Manhã de sábado num shopping da cidade do Porto. Uma dezena de crianças brinca no parque de diversões interior. Observo os meus filhos, entretidos um com o outro e com os outros.
Uma menina dança. Interage pouco com os brinquedos e com as estruturas por onde as restantes crianças trepam, deslizam e escorregam. Ela dança. Abre os braços e rodopia. Ocasionalmente, corre. Salta. Uma criança a ser criança.
A mãe, como os outros pais que ali estão, vai alertando: “Cuidado com o bebé, tens um menino atrás de ti…”
Ela sorri e vai saudando as outras crianças. Distribui beijinhos. Uma criança visivelmente feliz.
A dada altura, o Eduardo vem ter comigo. Ela corre atrás dele. Baixo-me em direcção ao meu filho e a mãe da menina, ao meu lado avisa: “Cuidado com o bebé!”
– Olá! – diz-me a menina – como te chamas?
– Olá, sou o António.
– E o bebé, como se chama?
– Eduardo.
– Muito prazer conhecer-vos!
– Igualmente.
E, só neste momento, reparo em algo diferente nos olhos da menina. É cega.
Apesar disso, brinca com a maior naturalidade e exibe uma felicidade contagiante.
Mais impressionante, no bom sentido, é a naturalidade da mãe. Ao contrário do que muitas vezes vemos por aí, não faz questão de “exibir” a diferença da filha. Não tem aquele ar sofrido, de “coitadinha”. Não está permanentemente “em cima” da menina. Não exige mais cuidado aos outros. Pelo contrario. A dada altura, a menina chocou com outra e a senhora pediu desculpa ao pai.
“Desculpe, não foi por mal, a minha filha não vê.”
A criança continuou a brincar. Veio ter comigo mais algumas vezes.
– Sabes, está aqui um colchão. Contas até 3 para eu saltar para cima dele? Quando eu saltar fazes “weeeeee”!

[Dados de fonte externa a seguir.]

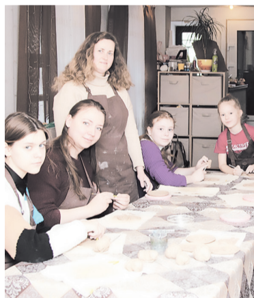
Урок по лепке из глины

— В рамках проекта для учителей, воспитателей, врачей, социальных работников на регулярной основе будут проходить мастер-классы по арт-терапии: занятия по ручной лепке из глины, рисование, шитьё, вязание. Участие в данных встречах позволит повысить свой уровень психологической защищенно-

Quando vínhamos embora, perguntei ao Lucas:
– Reparaste que estiveste a brincar com uma menina cega?
– Não… qual delas era cega?
Tantas lições em 45 minutos.
A mãe ensinou-nos que a igualdade é mesmo isso: naturalidade. É não querer mais, nem menos.
O Lucas, o Eduardo e as outras crianças ensinaram-nos que quando estamos a brincar, no fundo, a viver a Vida, o que importa é a atitude e não os meios que temos à nossa disposição.
A menina ensinou-nos que “ver não é só olhar”.
P.S. – “Ver não é só olhar” era o título do meu manual de Educação Visual do 5º ano. Fixei este chavão e uso-o muitas vezes.